Lydia Barbara, chairman of Digital Isle of Man, has written the latest Digital Matters article for Business News.

She looks at the subject of quantum computing and why it is completely different to anything we have seen before.

Here are her words.

A handful of weeks ago, Google announced they had achieved quantum supremacy, as their quantum computer performed a calculation that would have been impossible on a classical computer.

And right now, as I write this, there are buses using quantum navigation to dodge and prevent traffic congestion in a European capital.

To start from the beginning, classical computers are what we all use today.

They perform calculations in our laptops, phones, smartwatches, etc.

Quantum computers are something quite different.

Rather than bits, quantum computers use qubits, which have two special characteristics that distinguish them from conventional computers.

Qubits are subatomic particles that exist in a state of being both 1s and 0s at the same time, a phenomenon called superposition.

Once you observe a qubit, much like opening the box holding Schrödinger’s cat, it firms up into either 0 or 1.

A computation is done while the qubits are in this superposed state, which is fragile and difficult to maintain.

The second characteristic is entanglement.
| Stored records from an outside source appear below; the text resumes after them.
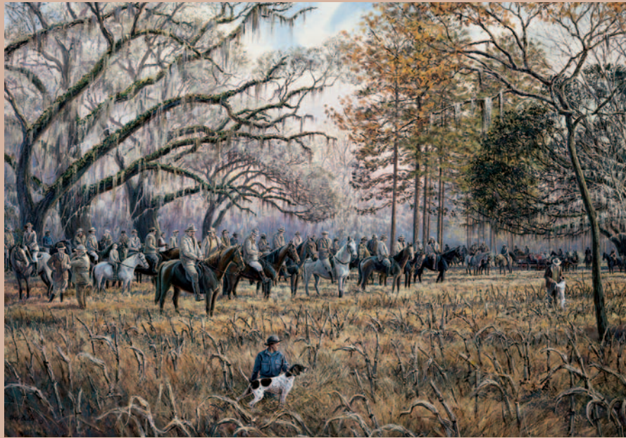
"Breakaway at Dixie"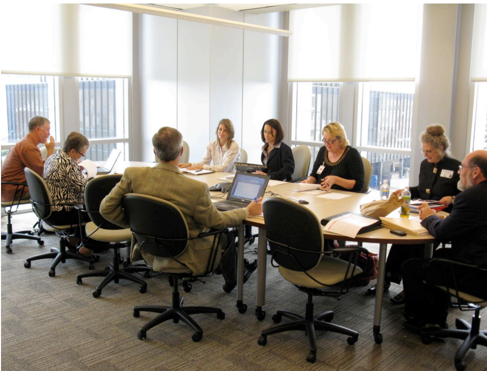
Members of the Behavioral Health Professionals Working Group at a meeting earlier this year. The group is working at the request of the Legislature to develop agreed upon language for legislation and collaborative approaches to serve LA's citizens.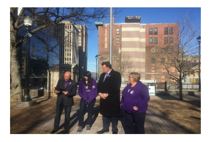
I was honoured to read the proclamation declaring March 26th Purple Day for Epilepsy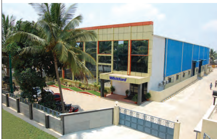
Whitford India, Bangalore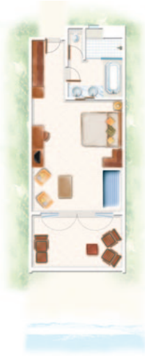
Superior Room First Floor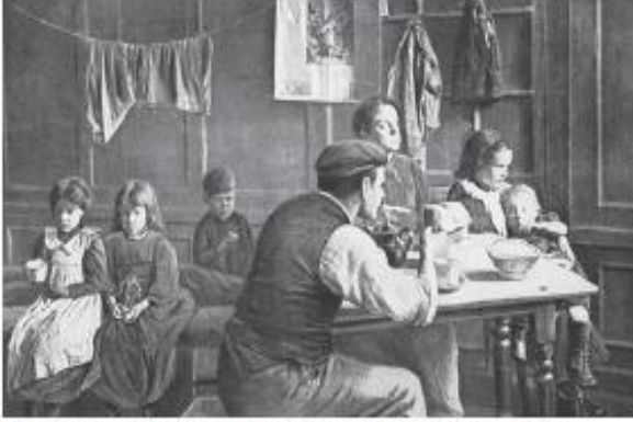
Before the war, most British women stayed at home, did the cooking and cleaning and cared for the children. When their husbands came home from work, they prepared the family supper.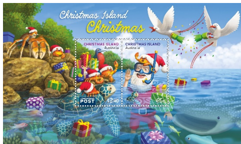
Stamp Sheetlet (AU518)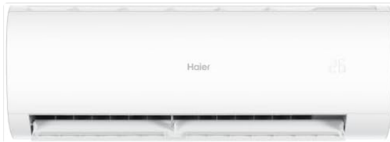
Image: Front view of the Haier indoor air conditioner unit with its louvers open, displaying the temperature '26'. This indicates the unit is operational and set to a specific temperature.

Your Haier air conditioner offers various modes and features to optimize your comfort. All functions are typically controlled via the wireless remote control.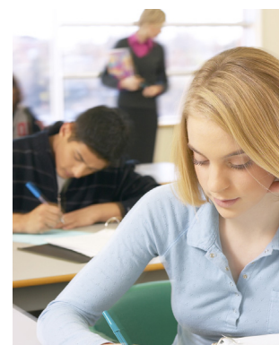
A single customized reader can be more cost-effective for students than purchasing multiple textbooks.

This benefits students by keeping them current with real world information and holds their attention better than standard information from an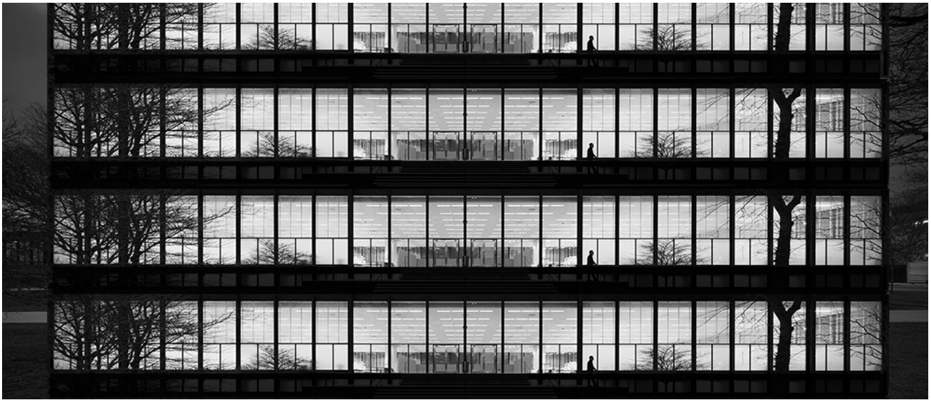
Figure 2. “Slices of horizontality piled vertically” (collage of Crown Hall). Credit: collage by author of photograph by Hagen Stier.

vertically, with distinction only in the conditioning of light, sound, and air.” 27 Formally one can easily imagine the office buildings of the time by Mies, SOM, and others as simply stacks of Mies’ universal space pavilions. Further reinforcing this conception, iconic nighttime photography of these projects by Ezra Stoller and others dramatically emphasized their layered horizontality and openness.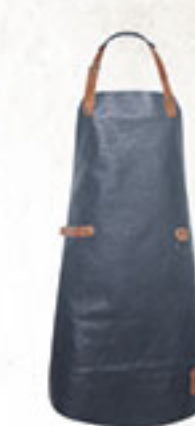
LS 23/36 ink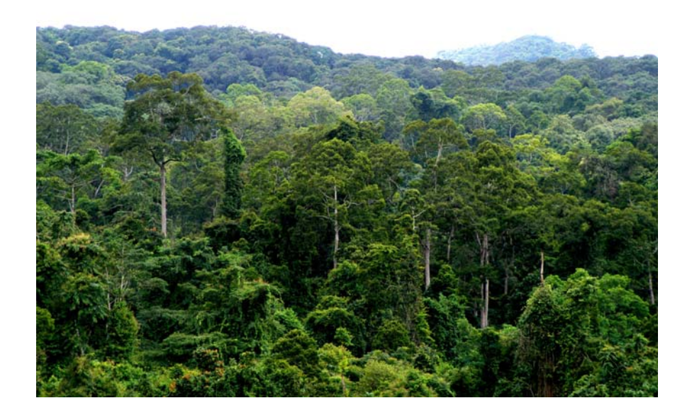
Fig. 2. The tropical seasonal rain forest in southern Yunnan, China

The long-tailed rank/abundance diagrams of the tropical seasonal rainforest indicate that the species with small population sizes make up an unusually large proportion of the total species composition [8, 16]. The frequency patterns also revealed that 40%-60% of tree species have only one individual, and 30%-40% of tree species two to five individuals. Fewer than 15% have 6-10 individuals and fewer than 10% have more than 10 individuals, from a 0.25 ha sampling plot [20].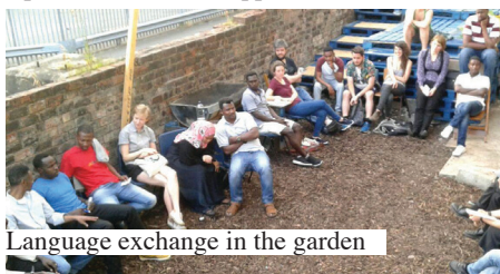
Language exchange in the garden

The garden is open but hibernating in the wet winter! Well done everyone who contributed, it is going to be great again in the Summer. Last year the garden hosted BBQs, meetings, direct action training, sunbathing and language exchange. Got ideas for the garden space? make them happen!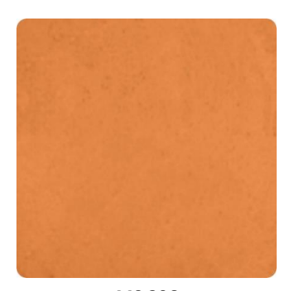
MS 306 (1% MS BASE 14)

Essentially, a set of qubits interact in harmony across any distance, such that the behaviours of the one are indistinguishable from the behaviours of the many.

I think of this as a sort of hive mind.

Together, quantum superposition and entanglement allow for far greater information density and computing abilities than can be found in classical computers.

As mentioned, a superposed state is difficult to get and to hold. A lot of the work involved in running a quantum computer is simply to keep the qubits cold enough and quiet enough for long enough to finish a computation.

How a quantum computer actually works is like this.

The image with this article is of a prototype 50-qubit quantum computer from IBM.

The part that looks like a chandelier acts as a cryogenic refrigerator.

The silver cylinder at the bottom contains the qubits and other working pieces of a quantum computer.

Data comes in from a classical computer to the cylinder, which has been cooled to near-absolute zero, or 0.015 Kelvin (-273 degrees Celsius).

The computation happens in the cylinder while the qubits are entangled and superposed, and it stops when the qubits collapse into their 1s and 0s.

This produces a result, which is then sent back into the classical computer to be analysed by its programmers.

And a note on programmers: you essentially have to be a PhD-level theoretical physicist to program these. There still needs to be layers of abstraction built before you can ask questions of a quantum computer like we all do with Google.

Quantum Research

A lot of money is pouring into quantum research – China recently spent $1bn on a research facility alone – but everything to date has felt rather theoretical rather than practical.

Then a paper leaked from Google claiming they had achieved quantum supremacy, and the geeky side of the internet went a little nuts.

In their paper, Google described an experiment in which their quantum computer solved a problem in just 3 minutes and 20 seconds that would have taken the world’s fastest supercomputer about 10,000 years solve.

Breaking this barrier could be seen as being like breaking the four-minute mile or getting Kitty Hawk into the air. This could be recognised in future as the event horizon that changed everything. Now that it’s been done, we can expect that advances will come in leaps and bounds.

To demonstrate the rate of advancement that could take place (and I have to emphasize could, a lot of this is still theoretical and in pure R&D mode): a new law has been proposed called Neven’s Law, which states that quantum computer power will advance at doubly exponential growth relative to conventional computing. This was described by one researcher as a line in a graph angled towards the centre of a screen, then hitting the middle and shooting straight up.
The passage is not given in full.